Embargo that NDA!!

While talking to a source/friend of mine, he was lamenting (okay, pissed for 30 seconds) about embargoes. His wonderful escapade happened yesterday, when he was pitched by a public relations firm a pretty interesting story - but two other news sources were pitched the same story.

The PR firm had asked for verbal embargoes, but my friend's company does not agree to embargoes, and ergo not honour them. Not a pretty hard concept to grasp, is it? But, the PR firm was livid, and was giving him tons of grief today for breaking the story. I'm sorry, but the agency is being stupid for thinking a verbal embargo was going to stop a young reporter from running with a good story.
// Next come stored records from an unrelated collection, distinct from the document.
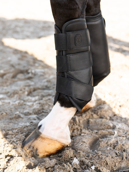 Guêtres en maille 3D flexible, fabriquées en cuir végan, conçues pour offrir une absorption optimale des chocs et une répartition homogène de la pression afin de protéger les jambes du cheval contre les impacts et les blessures. Leur conception hautement respirante aide à prévenir la surchauffe, maintenant les membres frais et confortables durant un entraînement intensif ou en compétition.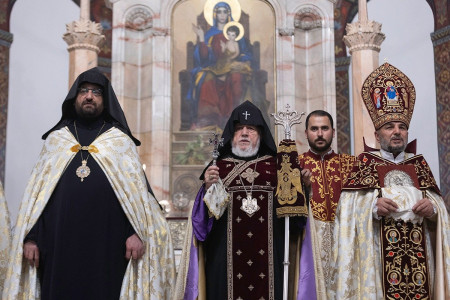 Պատարագիչն էր Արցախի թեմի առաջնորդ Գերաշնորհ Տ. Վրթանես եպիսկոպոս Աբրահամյանը։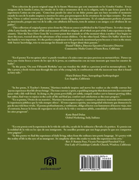 Era mi sueño escribir un librito de poesía bilingüe, con temas relacionados a situaciones de la vida diaria. Como me identifico con la cultura Latina, las situaciones se tratan de la familia, religión, educación y un poco de humor. Claro, no podían faltar temas de decepción amorosa. Los poemas fueron escritos originalmente en Español y luego traducidos a Inglés. Por favor recuerden que se traduce la idea en general. No traten de encontrar una traducción de palabra por palabra. Traducir es dificil en la escritura en general; en la poesía, el reto es aún más grande. Doy gracias primeramente a Dios por el regalo de trabajar con palabras. Después agradezco a mi familia por apoyarme en mis intereses. Luego, doy gracias a mis parientes, amigos y estudi- antes por el estímulo que siempre me ofrecen.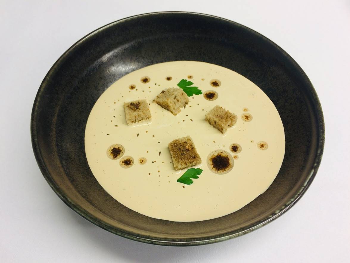 Klasické a známé chutě v moderním pojetí, takový je hříbkový krém zdobený kmínovým olejem.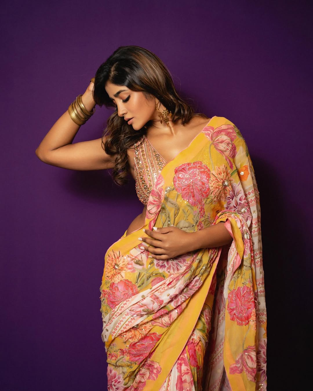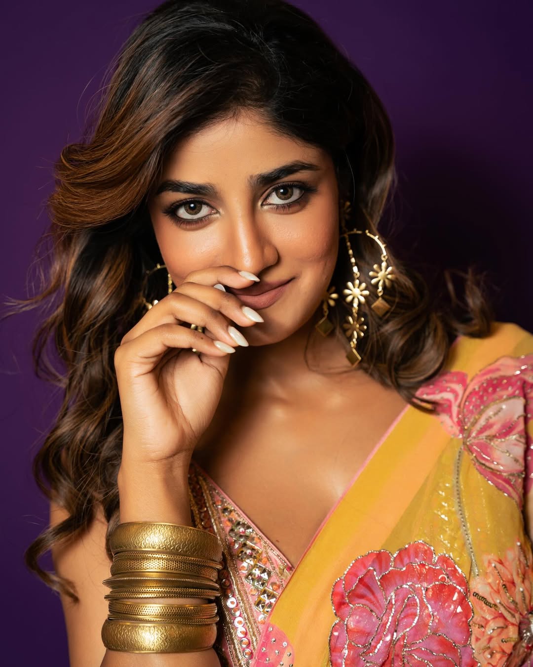 By: Tupaki Desk | 4 Jan 2026 11:07 AM ISTSouth Indian beauty Dimple Hayathi enchants fans with her latest captivating photo, radiating joy and elegance. Dressed in a vibrant yellow saree adorned with intricate pink floral embroidery, sequins, and golden accents, she pairs it with elaborate gold chandelier earrings. Her wavy hair cascades softly, makeup flawless with glowing skin and a beaming smile, set against a rich purple backdrop that highlights her timeless charm.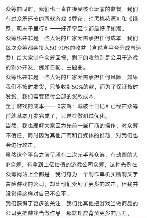 再补一嘴吧,可能不对,但我看到的部分里,众筹收益并不是完全用来做游戏的,这里就说捐了一半,结合引用的这段截图里的5-70收益做回报,其他是额外开发以及破城早就基本开发完成来看,不管是明末还是破城,都不是需要依靠众筹来支撑主要开发,而是用来额外盈利的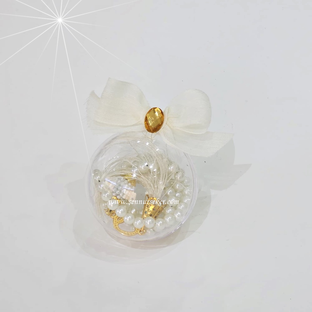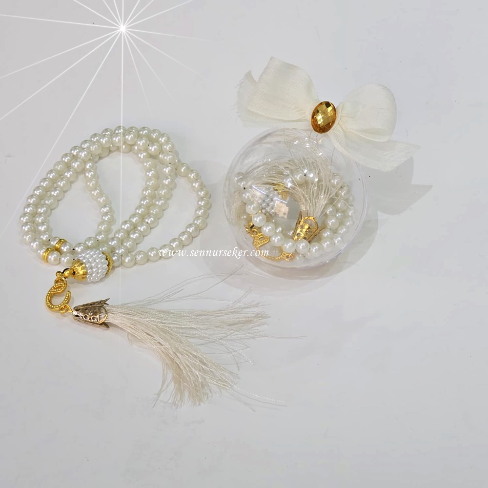 Şeffaf küre kutu içerisinde yer alan inci görünümlü tesbih, şık fiyonk ve inci detaylarıyla süslenerek hazırlanmıştır. Hem sünnet mevlüdü hem de vefat mevlidi organizasyonları için zarif bir hediyelik seçeneğidir.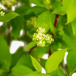 Although the plants can be left un-pruned, to get the most colorful twigs and to control the size it is usual to prune the Red Twig Dogwood regularly. There are two methods used. Each spring remove about 25% of the branches at ground level, to encourage new, more brightly colored shoots. Alternatively, you can choose to cut the whole plant back to a few inches tall every second or third year. Only use this method with strongly-growing plants or the plants will weaken over the years. This method does give the best twig display. Plants that are regularly pruned flower less, but the flowers are not an important feature of this plant.

I have always thought that verbal embargoes are as good as the paper they are written on. When I was in-house, we were pitching a partnership deal to the Wall Street Journal and Associated Press. I had counseled against embargoes, but was gung ho for having a written non-disclosure, but the other company did not believe that their reporter would screw them over. The Journal reporter was my beat reporter, whom I trusted but still knew was a reporter. The AP reporter I had never worked with, and knew piddly about him. Of course, within 10 minutes of the conversation and interview, the AP reporter ran off and broke his verbal embargo and posted the story on the AP wire at 5.00 PM (he was supposed to wait until 8.00 PM, so the Journal reporter could post it).

Because of the relationship I had with the reporter, we were still able to get a print story, as well as a nice sized Web story. But, the fact was that the verbal embargo had been broken, and we had no real recourse beyond bitching and moaning.

When I was at the large agency, we worked with reporters at long-lead magazines on non-disclosure agreements (NDA) all the time. We had the NDAs put together by the corporate legal, and the reporters had no trouble signing them, understanding that it was either honour the NDA or never see product early. It was a pretty cut and dry arrangement - reporters understood that the company needed to keep the product under press wraps, but wanted to get press when the product hit the shelves, and not three months later. And the company understood that there might be some leakage, but that in a cost/benefit analysis, the benefits outweighed the costs.

So, on that point, would I use either embargoes or NDAs at POP! Public Relations? Of course, you have to, especially if the client wants them to be used. Would I go with verbal embargoes? No, unless the reporter and the publication refuses to sign a non-disclosure, which I have run into. But, with those reporters, it is usually someone the firm has a long-standing relationship with, and you know he's not going to stab the company and the PR firm in the back. Especially if he/she wants news before it breaks again ...

An addendum: a friend pointed out that NDAs are the same thing we preach to our clients: There is NO such thing as off the record!! We teach our clients during media training there is no such thing as off the record, and why would a verbal embargo be any different? A reporter is only doing his job - selling the paper by beating his competitors to the punch. Wouldn't you beat your competitor to the punch if you had the opportunity?

My response was that, yah, but NDAs are a little bit more binding - people are scared when they sign stuff. True, but sad.